## To do:
At the line containing "ティーポット5点セットガラス", begin an exact copy, and continue through the last line of the entries below. Leave out any pictures.
====
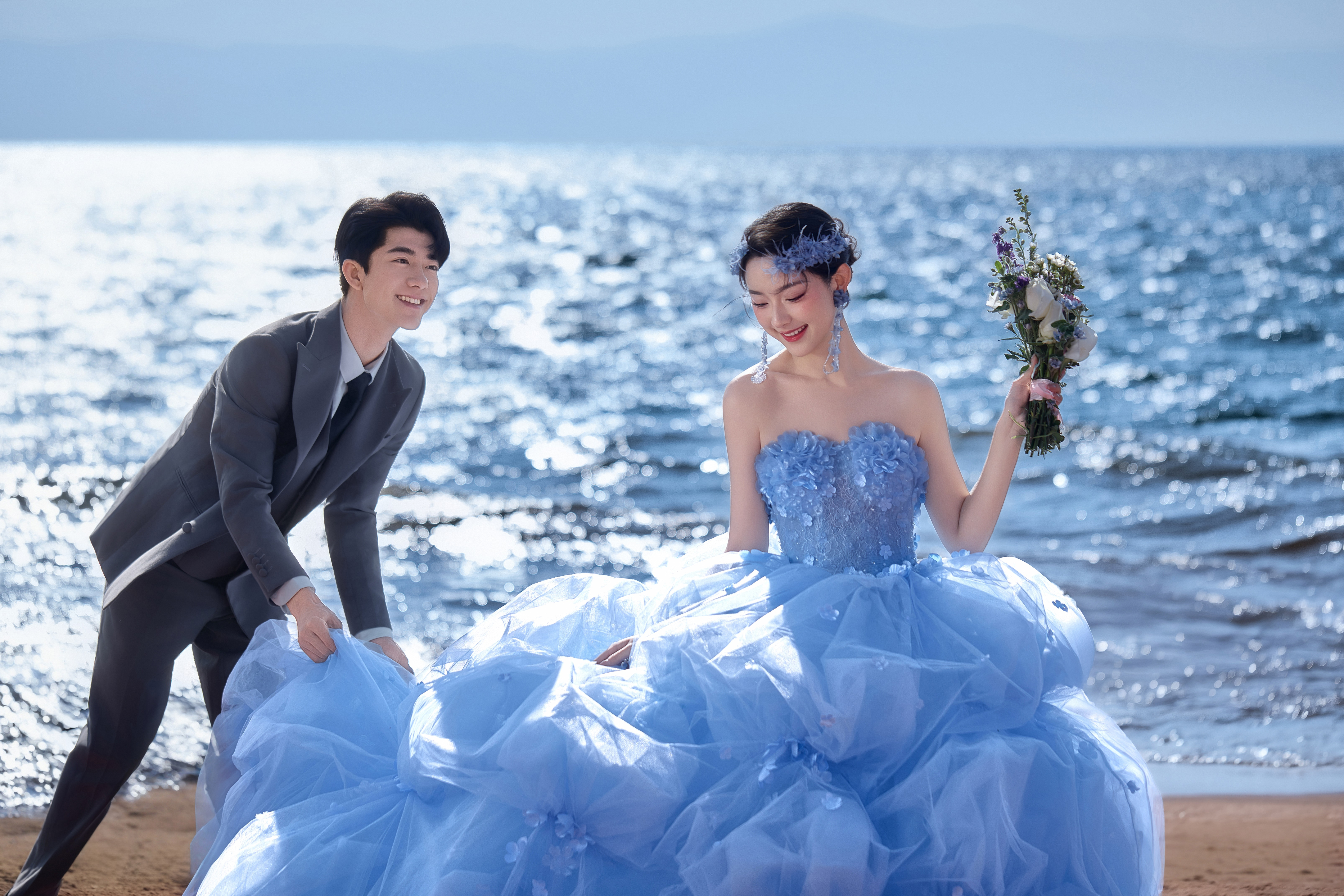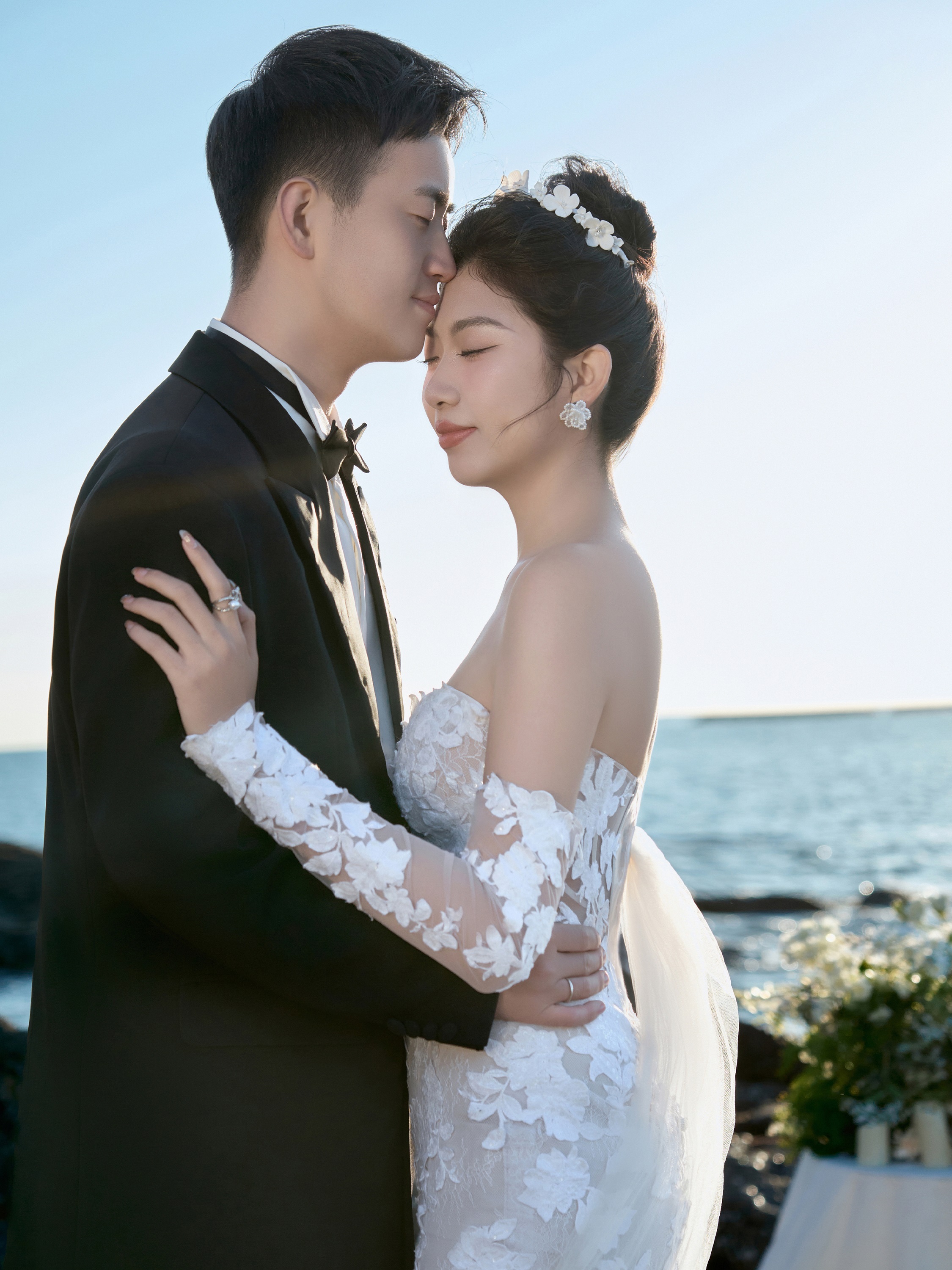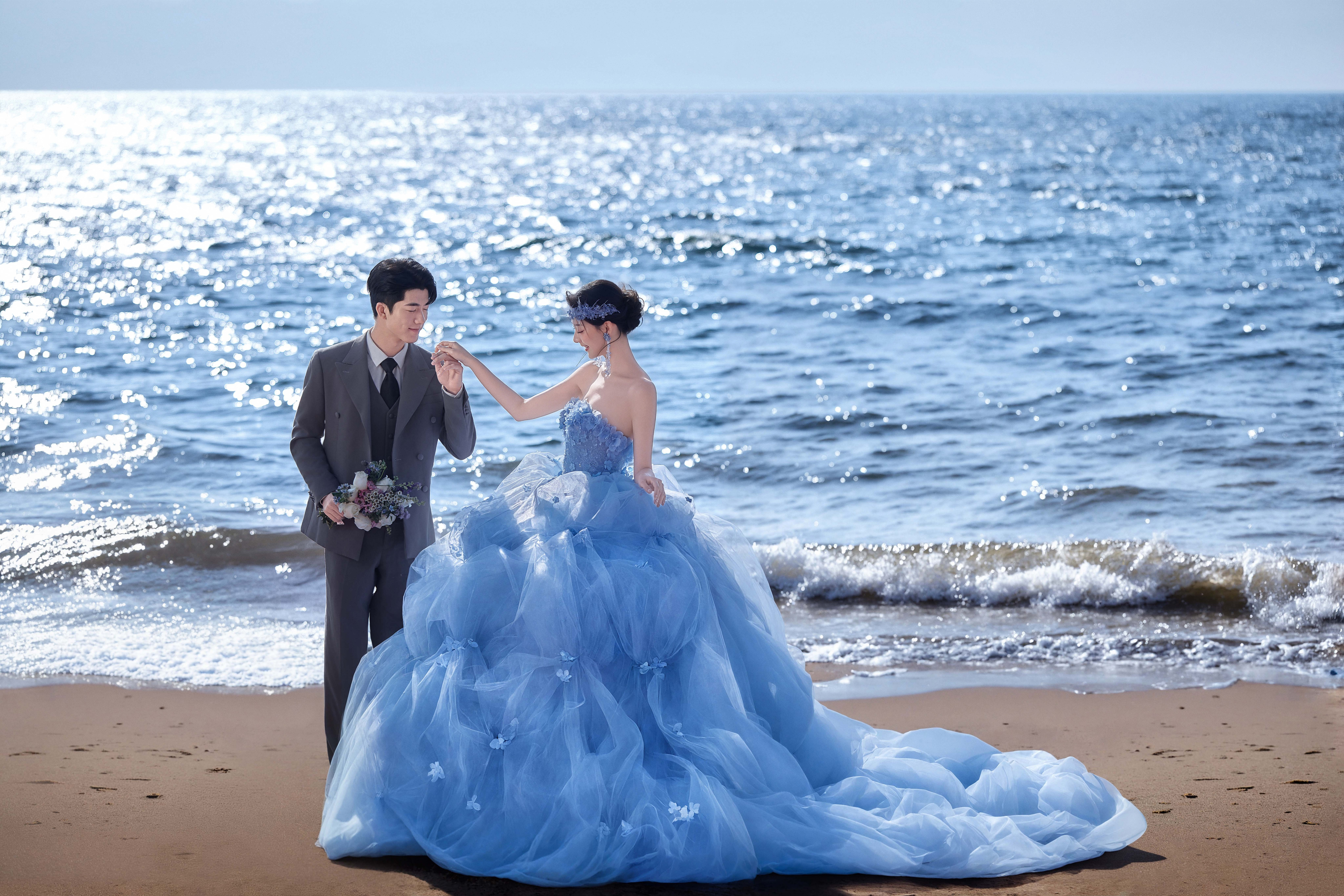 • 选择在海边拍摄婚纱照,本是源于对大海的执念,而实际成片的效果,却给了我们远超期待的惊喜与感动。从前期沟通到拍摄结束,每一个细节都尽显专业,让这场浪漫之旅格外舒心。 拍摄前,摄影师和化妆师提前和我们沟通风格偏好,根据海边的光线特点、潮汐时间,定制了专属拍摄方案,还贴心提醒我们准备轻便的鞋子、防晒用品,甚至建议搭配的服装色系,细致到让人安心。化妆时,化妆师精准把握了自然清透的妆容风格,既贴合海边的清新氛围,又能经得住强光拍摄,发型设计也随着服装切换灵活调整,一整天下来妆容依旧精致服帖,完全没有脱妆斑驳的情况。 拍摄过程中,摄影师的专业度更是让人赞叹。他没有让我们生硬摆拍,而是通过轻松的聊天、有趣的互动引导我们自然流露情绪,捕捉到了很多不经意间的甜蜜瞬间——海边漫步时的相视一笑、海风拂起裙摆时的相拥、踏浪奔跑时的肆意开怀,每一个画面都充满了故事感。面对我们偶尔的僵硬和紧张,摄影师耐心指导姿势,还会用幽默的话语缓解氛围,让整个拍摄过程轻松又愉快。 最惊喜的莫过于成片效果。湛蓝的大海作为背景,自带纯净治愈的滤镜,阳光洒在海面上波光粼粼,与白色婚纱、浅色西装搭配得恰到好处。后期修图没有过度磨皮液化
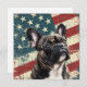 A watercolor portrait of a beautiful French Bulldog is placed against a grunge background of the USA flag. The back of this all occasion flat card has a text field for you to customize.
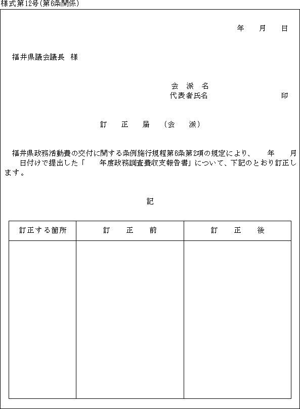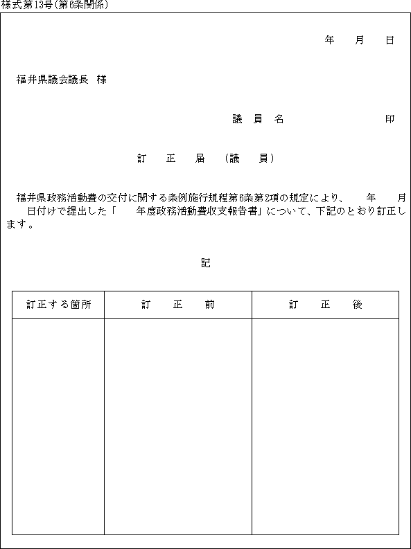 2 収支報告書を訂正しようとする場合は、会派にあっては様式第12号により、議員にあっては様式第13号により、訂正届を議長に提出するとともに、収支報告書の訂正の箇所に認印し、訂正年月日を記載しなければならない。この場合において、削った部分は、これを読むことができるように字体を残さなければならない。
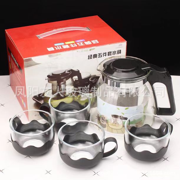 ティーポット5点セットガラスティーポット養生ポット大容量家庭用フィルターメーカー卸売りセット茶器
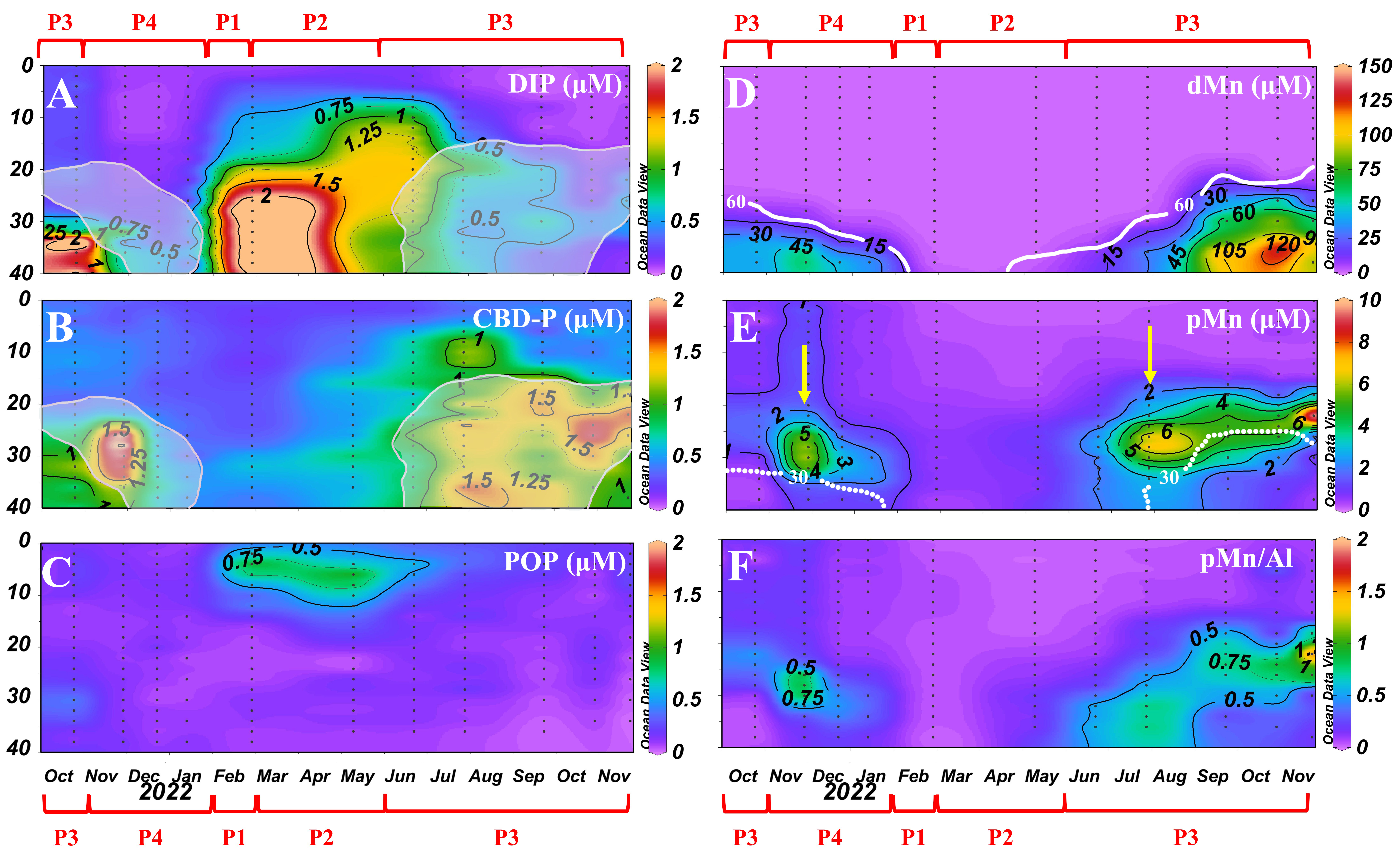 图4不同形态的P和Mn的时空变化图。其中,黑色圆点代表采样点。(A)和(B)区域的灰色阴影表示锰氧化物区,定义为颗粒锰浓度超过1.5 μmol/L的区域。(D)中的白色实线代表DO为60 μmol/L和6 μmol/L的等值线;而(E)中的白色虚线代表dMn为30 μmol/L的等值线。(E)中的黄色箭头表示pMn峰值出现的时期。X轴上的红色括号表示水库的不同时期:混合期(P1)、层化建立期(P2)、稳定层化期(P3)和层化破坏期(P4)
====
## The completed task:
 ティーポット5点セットガラスティーポット養生ポット大容量家庭用フィルターメーカー卸売りセット茶器
 图4不同形态的P和Mn的时空变化图。其中,黑色圆点代表采样点。(A)和(B)区域的灰色阴影表示锰氧化物区,定义为颗粒锰浓度超过1.5 μmol/L的区域。(D)中的白色实线代表DO为60 μmol/L和6 μmol/L的等值线;而(E)中的白色虚线代表dMn为30 μmol/L的等值线。(E)中的黄色箭头表示pMn峰值出现的时期。X轴上的红色括号表示水库的不同时期:混合期(P1)、层化建立期(P2)、稳定层化期(P3)和层化破坏期(P4)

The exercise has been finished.